- [Your assignment]: Line by line, set down all the data below exactly, omitting any picture.
(Information supplied)
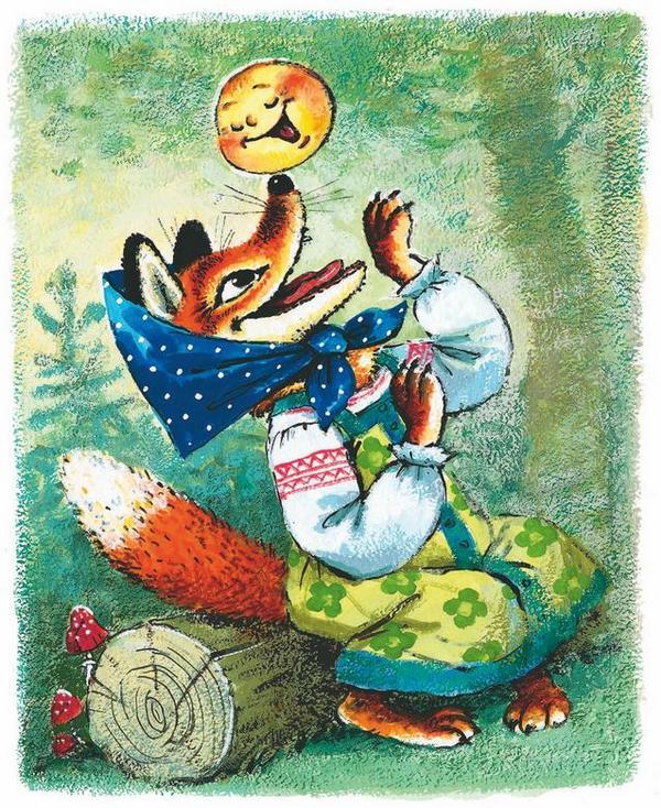 Колобок обрадовался, что его песенку похвалили, прыгнул лисе на мордочку да и запел:
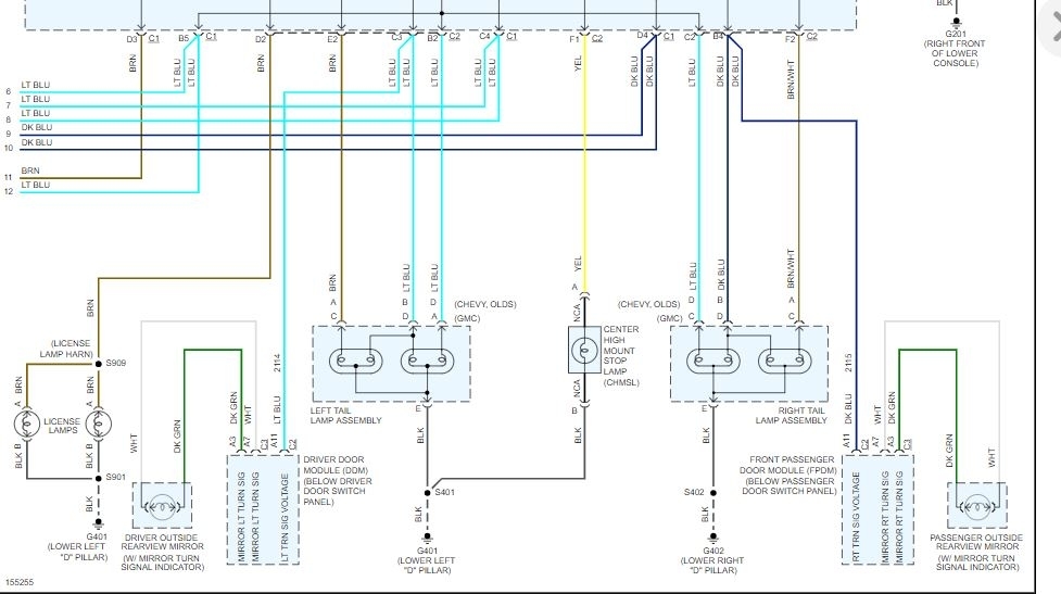 Hi Roy. I am changing tail light pigtails on 2002 Bravada but pigtail colors don't match colors on truck. Could you please send me a color code diagram? Thank you
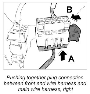 34. Push together plug connection between main wire harness and front end wire harness, right -1-.
(End Information supplied)
- [Completed exercise]:
 Колобок обрадовался, что его песенку похвалили, прыгнул лисе на мордочку да и запел:
 Hi Roy. I am changing tail light pigtails on 2002 Bravada but pigtail colors don't match colors on truck. Could you please send me a color code diagram? Thank you
 34. Push together plug connection between main wire harness and front end wire harness, right -1-.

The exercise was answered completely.